> [Exercise] Look below for the line with "2) Using white"; begin the copy there and stop after the line with "צלחות מרובעות מענפי", keeping the text exact and the pictures out.

Segment Start: Task material

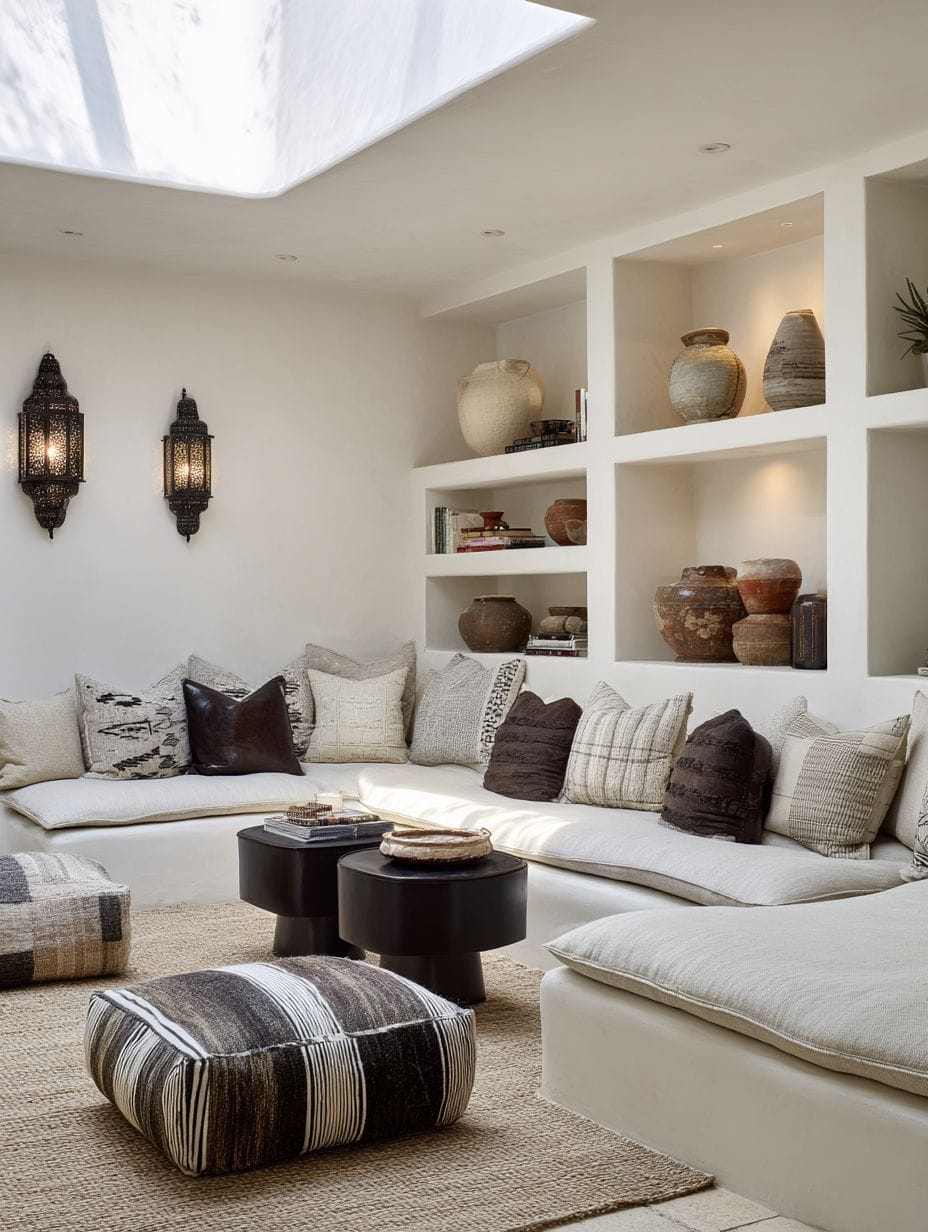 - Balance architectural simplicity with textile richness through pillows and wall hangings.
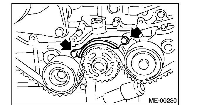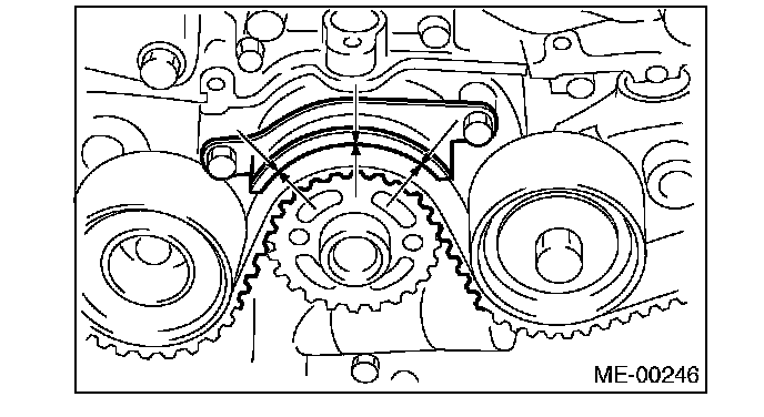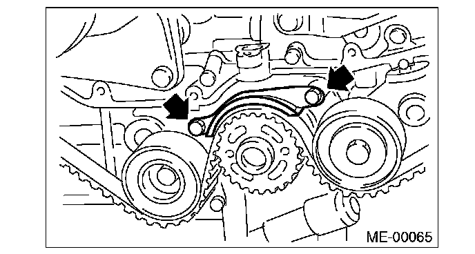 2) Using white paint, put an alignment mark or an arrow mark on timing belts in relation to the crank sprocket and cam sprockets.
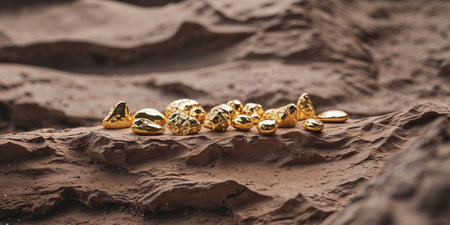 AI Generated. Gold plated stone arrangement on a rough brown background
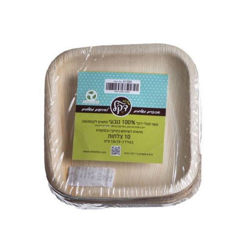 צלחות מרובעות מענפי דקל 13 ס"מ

Segment End: Task material
Segment Start: Task material

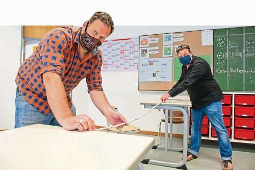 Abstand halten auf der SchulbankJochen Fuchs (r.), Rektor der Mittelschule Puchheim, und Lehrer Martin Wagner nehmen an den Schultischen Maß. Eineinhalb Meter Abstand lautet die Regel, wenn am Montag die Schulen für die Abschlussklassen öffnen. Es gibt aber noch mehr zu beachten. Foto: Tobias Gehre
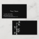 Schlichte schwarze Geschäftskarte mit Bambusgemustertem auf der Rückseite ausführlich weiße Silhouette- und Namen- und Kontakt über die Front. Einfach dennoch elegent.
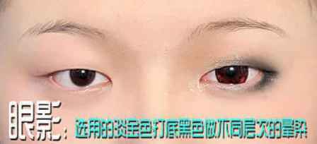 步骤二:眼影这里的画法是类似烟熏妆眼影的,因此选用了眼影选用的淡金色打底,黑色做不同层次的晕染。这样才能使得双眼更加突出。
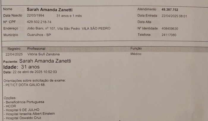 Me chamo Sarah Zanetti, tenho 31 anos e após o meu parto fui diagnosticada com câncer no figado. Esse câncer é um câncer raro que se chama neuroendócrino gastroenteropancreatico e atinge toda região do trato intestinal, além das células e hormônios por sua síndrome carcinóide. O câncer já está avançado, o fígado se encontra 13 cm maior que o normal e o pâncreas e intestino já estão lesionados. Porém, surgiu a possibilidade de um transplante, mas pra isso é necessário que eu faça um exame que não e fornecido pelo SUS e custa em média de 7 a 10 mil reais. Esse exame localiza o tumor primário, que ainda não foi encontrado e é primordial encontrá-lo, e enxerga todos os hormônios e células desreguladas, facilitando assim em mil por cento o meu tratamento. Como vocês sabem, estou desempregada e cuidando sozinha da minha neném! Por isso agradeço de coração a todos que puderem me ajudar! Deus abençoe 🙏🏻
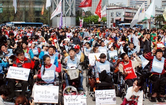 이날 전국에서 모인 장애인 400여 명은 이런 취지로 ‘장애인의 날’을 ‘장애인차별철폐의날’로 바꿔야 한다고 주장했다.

Segment End: Task material

> [Your response]
 2) Using white paint, put an alignment mark or an arrow mark on timing belts in relation to the crank sprocket and cam sprockets.
 AI Generated. Gold plated stone arrangement on a rough brown background
 צלחות מרובעות מענפי דקל 13 ס"מ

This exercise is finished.